Father's Day: 5 males from the wild world who dedicated themselves to parenthood Biology

Father's Day: 5 males from the wild world who dedicated themselves to parenthood

Males of this species not only closely monitor the offspring, but also lick the cubs when they are just born. However, this is not the most surprising thing! It is believed that almost all males of the animal world strive to pass on as many of their genes as possible, that is, to fertilize as many females as possible. But the fathers of ordinary playgirls do not even look in the direction of ovulating females, as they need to take care of their offspring.

Carrying and giving birth to a child takes away the energy of the mother monkey, so the participation of the father in the upbringing and protection is crucial for the survival of the offspring. Studies show that newly-minted fathers do not even have fluctuating testosterone levels, which suggests that with the birth of children for some time they do not want to reproduce.
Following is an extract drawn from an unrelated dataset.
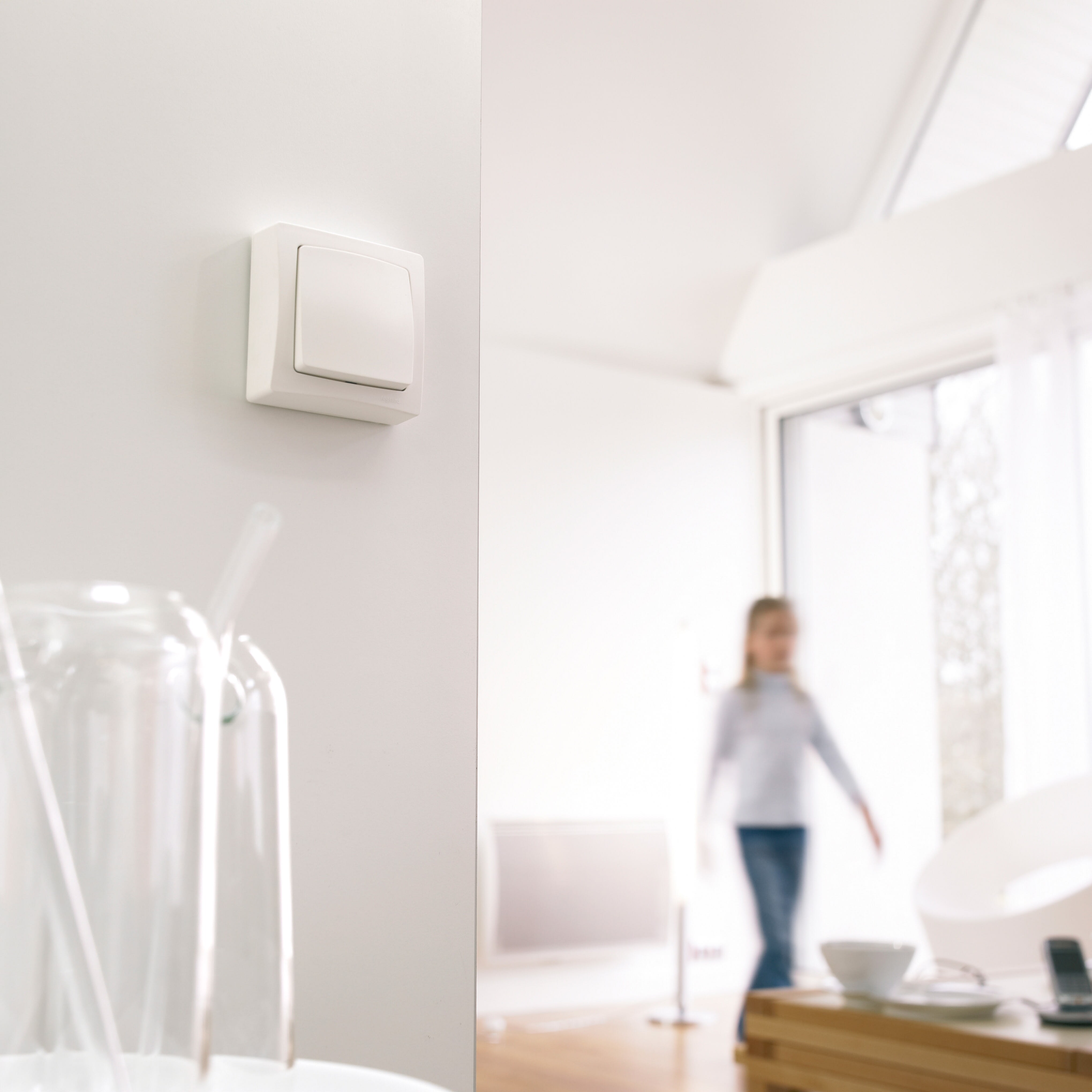 L'appareillage saillie, idéal pour la rénovation, propose des mécanismes composables ou complets. La finition blanche permet de s'intégrer facilement sur tous les murs. La gamme propose des fonctionnalités essentielles pour la maison : commandes (interrupteurs, poussoirs, interrupteur variateur, commandes de VMC et de volet roulant), prises de courant, téléphone, télévision, informatique, boîtes de dérivation et sortie de câbles etc. Des cadres permettent le montage d'appareillage dans les moulures et plinthes DLPlus ou le long des moulures pour rajouter des prises ou des commandes.

Nandu is a polygamous bird. A male can keep a dozen females in his harem, but at the same time he will show devotion to all his children. Nandus build nests for their females to lay eggs. However, the females themselves do not hatch them! This is done by males. Apart from the fact that males hatch chicks, after hatching they fiercely protect them from all dangers.
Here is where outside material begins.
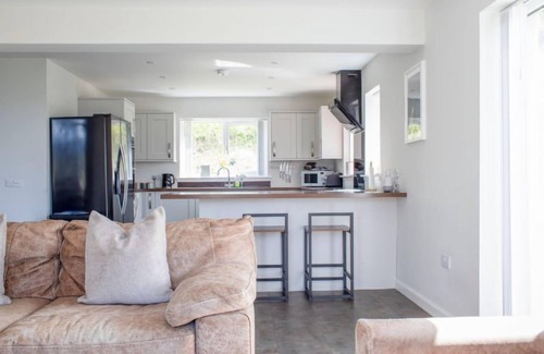 "One Mill Ends", 5-room cottage on 2 levels. Spacious and bright, comfortable and tasteful furnishings: open living room with dining table, TV, flat screen, DVD and wood-burning stove. Exit to the garden, to the patio. 1 double bedroom with 1 double bed, shower/WC and TV (flat screen). 1 room with 2 beds, shower/WC and TV (flat screen). Open kitchen (5 hot plates, oven, dishwasher, microwave, freezer) with dining table. Exit to the patio. Bath/shower/WC. Heating. Upper floor: 2 double bedrooms, each room with 1 double bed, shower/WC and TV (flat screen). Mezzanine. Heating. Beautiful view of the bay. Facilities: washing machine, dryer, children's high chair, baby cot for up to 2 year olds. Internet (WiFi, free). E-charging station. Please note: non-smoking house. 2 pets/ dogs allowed. There are 2 single guest beds available to book to accommodate 10 pax.

The list of the most caring males could not do without penguins. The fathers of this species hatch their eggs for weeks while the females hunt in the sea for their future offspring. Hatching chicks is a very difficult job. Males have to starve during this entire period, so by the time their mother returns, they lose half of their body weight. Surprisingly, if the female does not have time for the hatchling, the father in an exhausted state will be able to feed the chick with a curd substance that he regurgitates.

Interestingly, a number of studies have shown that when choosing a partner, females usually pay attention to plumper males!

Big-eared foxes build monogamous relationships and live in family groups. Males often perform nanny duties while females go in search of food. However, scientists note that the fathers of this species spend as much, if not more, time protecting, caring for and raising cubs as females.

Giant water beetles or whiteflies look very unpleasant and bite terribly. But this is not the main distinguishing feature of the species. Males devote themselves entirely to offspring. After mating, the female glues a brood of more than 100 eggs to her partner's back. He carries his future babies for the next few weeks, periodically combing the rows between them and airing them so that the eggs do not catch a fungal infection.